AVAILABLE DATA:

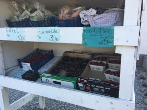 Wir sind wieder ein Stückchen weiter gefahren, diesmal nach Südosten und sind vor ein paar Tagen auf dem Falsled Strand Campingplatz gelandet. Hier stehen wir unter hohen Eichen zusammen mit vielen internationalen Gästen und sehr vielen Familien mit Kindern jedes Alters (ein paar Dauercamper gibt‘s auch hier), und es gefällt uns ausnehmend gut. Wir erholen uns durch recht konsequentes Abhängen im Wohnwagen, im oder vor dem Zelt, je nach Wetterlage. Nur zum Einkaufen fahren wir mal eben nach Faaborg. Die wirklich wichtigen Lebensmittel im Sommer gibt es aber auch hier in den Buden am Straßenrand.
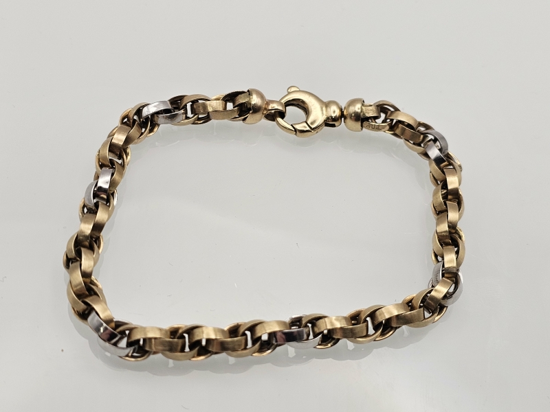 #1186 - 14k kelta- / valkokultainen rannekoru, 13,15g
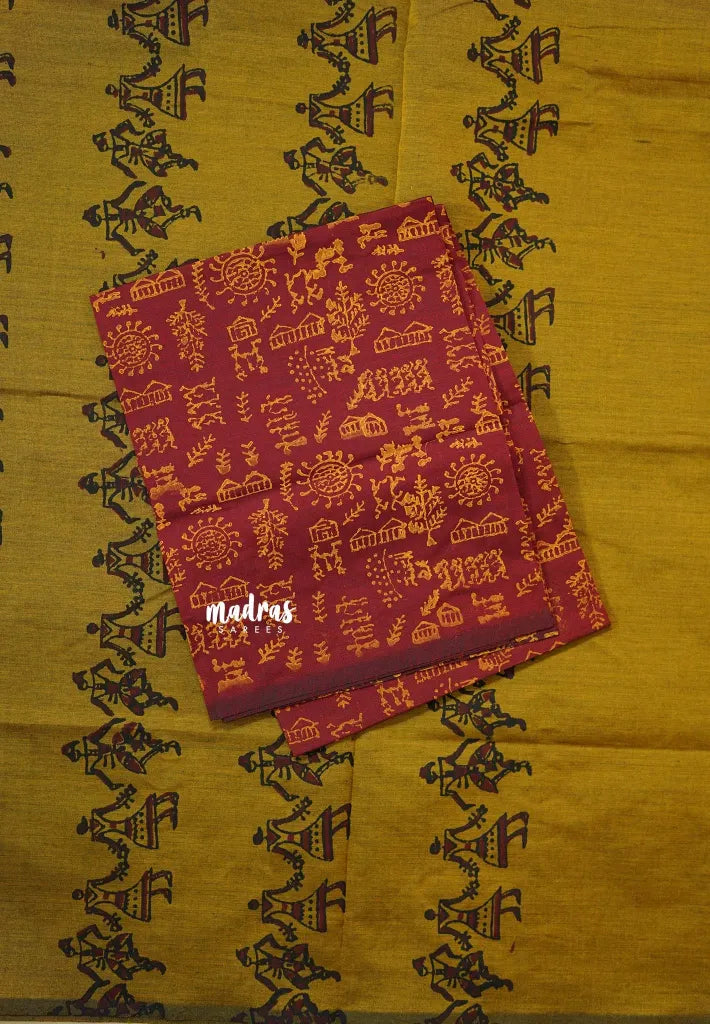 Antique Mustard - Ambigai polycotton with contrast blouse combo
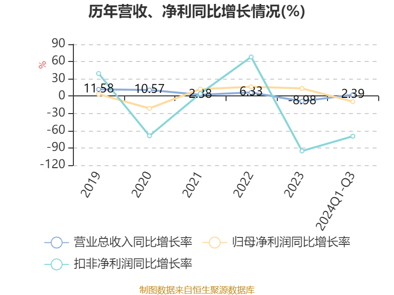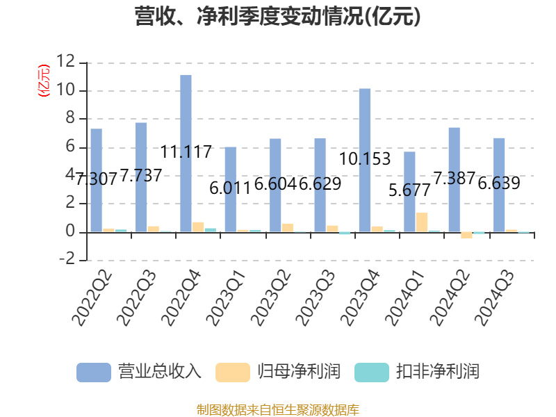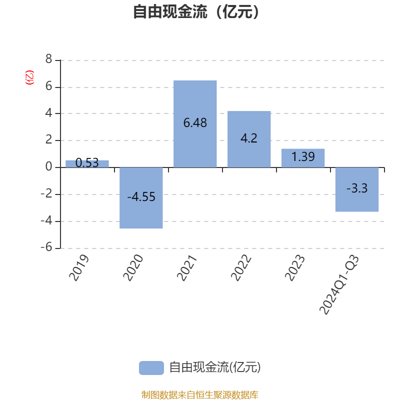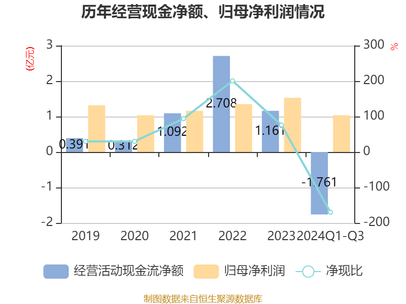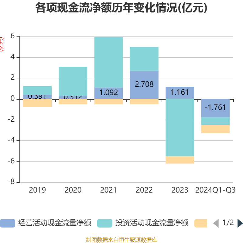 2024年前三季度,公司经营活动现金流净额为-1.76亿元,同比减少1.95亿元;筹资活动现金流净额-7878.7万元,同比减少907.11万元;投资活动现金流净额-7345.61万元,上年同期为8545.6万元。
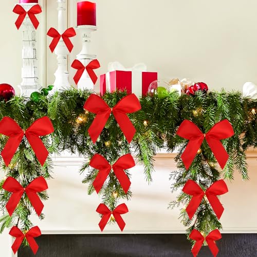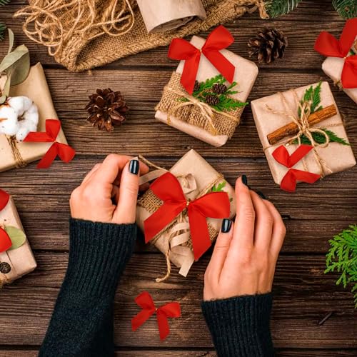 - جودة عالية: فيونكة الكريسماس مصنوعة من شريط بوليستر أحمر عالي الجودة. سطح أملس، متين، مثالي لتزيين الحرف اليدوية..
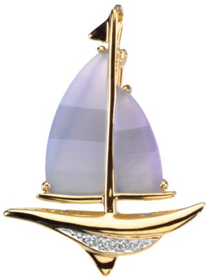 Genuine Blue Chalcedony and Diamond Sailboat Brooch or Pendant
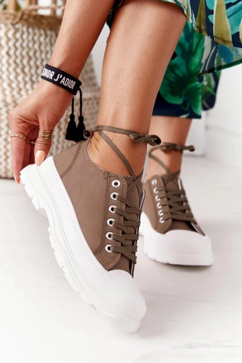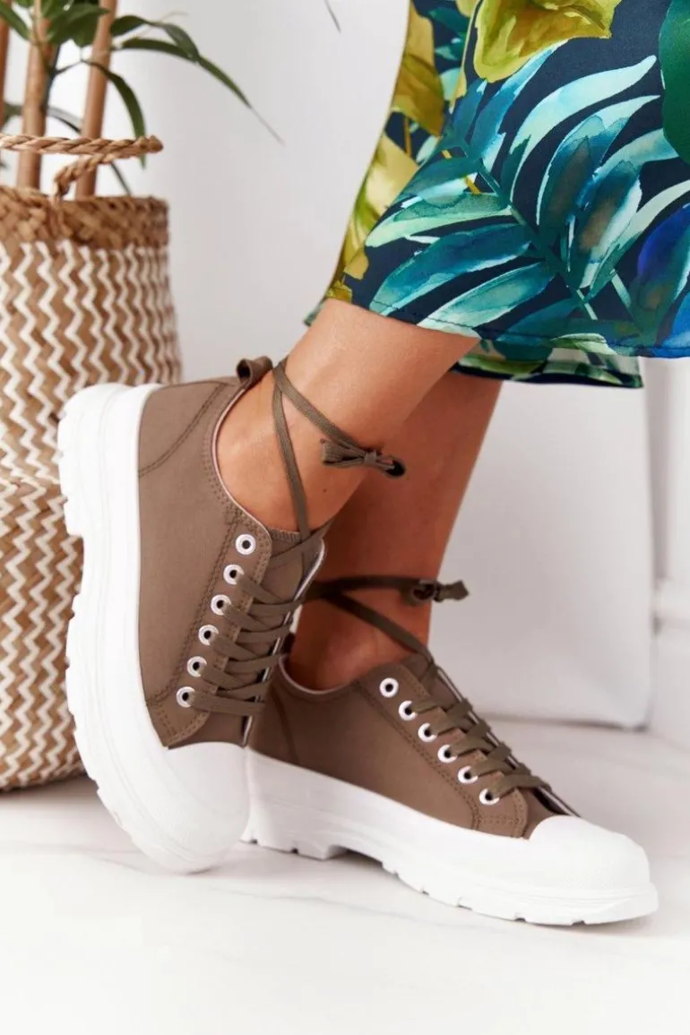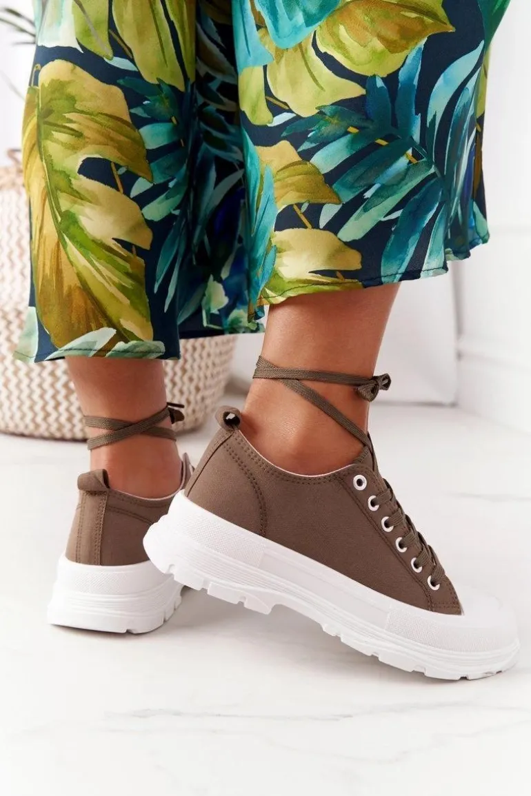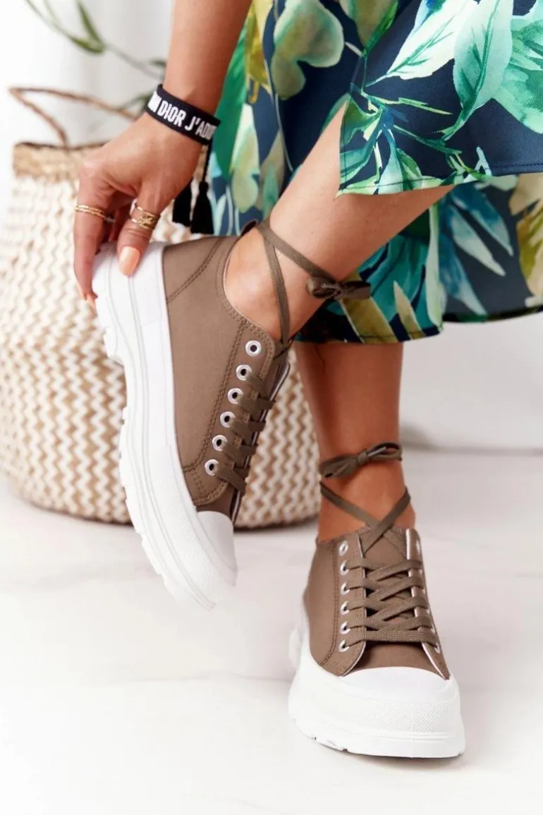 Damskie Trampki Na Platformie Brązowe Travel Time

EXERCISE: Take the line containing "Genuine Blue Chalcedony" and all lines after it to the end of the data above, and reproduce them exactly, leaving out pictures. Nothing else belongs in the copy.

PROBLEM SOLUTION:
 Genuine Blue Chalcedony and Diamond Sailboat Brooch or Pendant
 Damskie Trampki Na Platformie Brązowe Travel Time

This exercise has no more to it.